Background Info
A little more information about the times, people and places featured in my novels
Lavender Fields

Emma is born in the area of St Giles known as Seven Dials, the point at which different streets meet at a central circle. St Giles is situated to the west of Bloomsbury and the north of Tottenham Court Road and is one of the most filthy, run down and poverty stricken area of London.
Her family of nine children and two adults live in just one room of Perkins Buildings, a former builder's yard which is crumbling and delapidated.
She is sent out to work at the age of ten to a number of badly paid charring jobs, until she meets Charlie Bateman, a costermonger, and joins him working in the busy street market in Seven Dials.
Emma moves with her family to Mitcham in Surrey, where she finds work cutting lavender in the fields to the north of Mitcham.
She becomes the mistress of the landowner Mark Rivers, but having given birth at the young age of 17 sends Emma into a downward mental spiral and she runs away.
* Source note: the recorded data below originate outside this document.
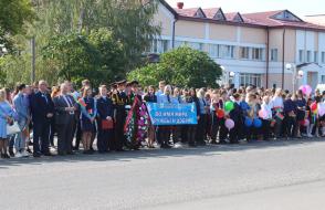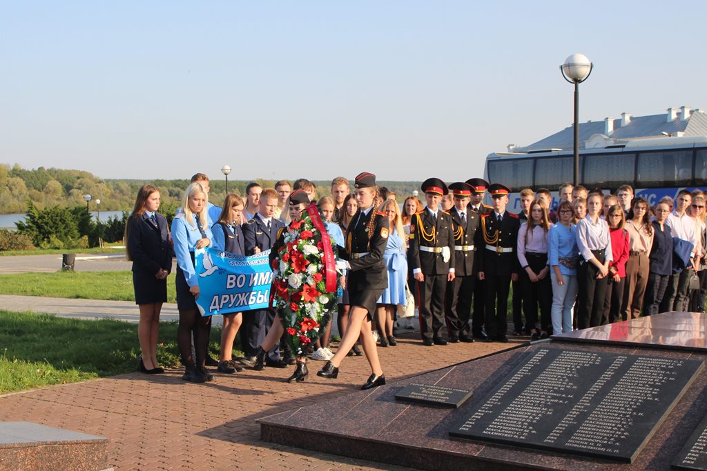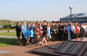 Марш Мира начался с посещения Комаринской средней школы, где на торжественной линейке, посвященной 77-летию освобождения Комарина от немецко-фашистских захватчиков, Тимофей Иванович Глушаков передал флаг созданному в школе отряду юных миротворцев. Затем делегация присоединилась к торжественному митингу у памятника в честь воинов-освободителей.
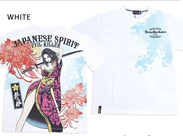 - 抜刀娘 凛の誘い半袖Tシャツ◆抜刀娘 ホワイトXXLサイズ 242122 和柄 和風 着物 花魁 舞妓
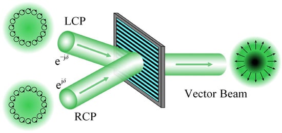 The spatial SOPs of a vector beam, unlike homogeneously polarized beams, may be flexibly adjusted to the desired distribution. According to the polarization interferometry, the phase retardation between two orthogonally circularly polarized (left circular polarization, LCP, and right circular polarization, RCP) scalar beams with inverse phase profiles can be utilized to regulate SOPs distribution of the interference pattern, generating a space-variant linearly polarized beam, as shown in Figure 1. More generally, if the phase retardation at each location of the two orthogonally circularly polarized beams is modified freely, an interference pattern with any predetermined SOPs distribution will be configurated for generating arbitrary vector beams. It is also a practicable approach to arrange a common path interferometric configuration assisted by a 4-f system and an SLM. The experimental setup is shown in Figure 2.
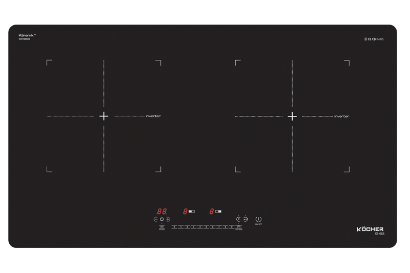 Bếp từ đôi Kocher DI-688 có 2 vùng nấu, mặt bếp được làm bằng gốm thủy tinh Ceramic, vát 4 cạnh tinh tế, sang trọng, chịu nhiệt tốt, vệ sinh dễ dàng. Chức năng điều khiển chọn trực tiếp cùng 9 mức gia nhiệt, giúp việc nấu nước trở nên đơn giản và nhanh chóng.
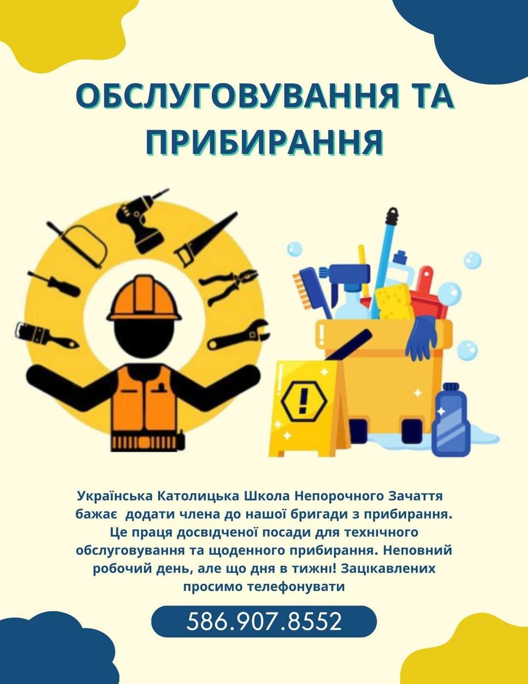 Українська Католицька Школа Непорочного Зачаття бажає додати члена до нашої бригади з прибирання.
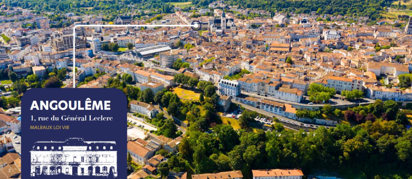 Le renouveau d’une institution à AngoulêmeFace à l’Hôtel de ville et à ses jardins, l’ensemble architectural en impose par son style néoclassique, très couru au XIXe siècle, comme par ses dimensions. Édifié en 1833, il eut plusieurs vies, a grandi, s’est transformé. D’abord Hôtel des Postes, il fut surtout, jusqu’à il y a peu, une prestigieuse succursale bancaire. Trois entrées pleines de promesses, pour accéder à l’édifice. Chacune avec son charme. La cour d’honneur, imposante et minérale rue de l’Arsenal, façon jardin anglais côté rue du Château et, rue du Général Leclerc, sous la grande verrière Eiffel, les contours du futur jardin intérieur, trait d’union entre passé prestigieux et vie contemporaine.Le reste du bâtiment est à cette image, lumineux et patrimonial, avec des atouts remarquables à préserver pour des siècles encore !Angoulême, Créer, inventer, vibrerAngoulême est la capitale internationale de la Bande Dessinée et de l’Image, pôle culturel au rayonnement mondial. Et tellement plus encore ! L’emplacement est stratégique, proche du magnétique océan, des métropoles de Bordeaux ou Poitiers et à moins de deux heures de Paris. Le cadre est unique, entre nature, patrimoine et culture. Née sur un plateau verdoyant, la ville, surnommée « le balcon du Sud-Ouest », s’est développée vers le fleuve Charente, inspirant et porteur d’activités pour tout son bassin. D’abord la filature, le papier, puis la mécanique…Aujourd’hui c’est un pôle industriel majeur du sud-ouest, porté par l’innovation, qui attire entreprises et jeunes talents. Elle est aussi un grand espace de création, de formation artistique. Et il fait si bon y vivre ! Des remparts jusqu’au fleuve, en passant par les jardins, les terrasses des cafés…Démographie 142 478 habitants GrandAngoulême41 423 habitants Angoulême56 % de la population a moins de 45 ansÉconomie 8 510 entreprises65 000 emplois dont 7 000 dans les industries du futur- 7,4 % taux de chômage1e département industriel de la régionTourisme : 10 % de l’activité économique de la Charente+ 33 % sur 5 ans : prix dans l’immobilier ancienAttractivité2e centre de productiond’images animées240 000 visiteursFestival International de la Bande Dessinée14e des villesde taille moyennebaromètre Arthur LoydCognacAccessibilité3,6 milliards d’€,15 000 emplois directs et indirects sur le territoireCarrefour du sud-ouest entre Bordeaux, Limoges et Poitiers36 min de Bordeaux en train38 min de Poitiers en train1h50 de Paris en TGVÉtudiants6 000 étudiants+ 22 % en 6 ans

First joining a family of fairground gypsies and then falling into prostitution, she finds herself in Bedford workhouse where she encounters Dr Edward White, one of her former clients.
He enslaves her at the workhouse but she manages to escape and finds her way back to Seven Dials where she asks Charlie Bateman for help.
He also seeks to control her so she flees and makes her way back to Mitcham where she is finally reunited with her son.

Booth's Poverty Map of 1899 showing Seven Dials

Gustav Dore's depiction of Dorset Street, St Giles in the 1840's
Great White Lion Street in the 1890's

Mitcham Station in 1871. Emma and her family alight here in the early summer of 1872

Worker's cottages in Phipps Bridge Road, Mitcham.

Bedford Workhouse. The former workhouse was once part of Bedford Hospital but was burnt down in January 2019. The burnt shell of the building remains derelict and is surrounded by hoarding.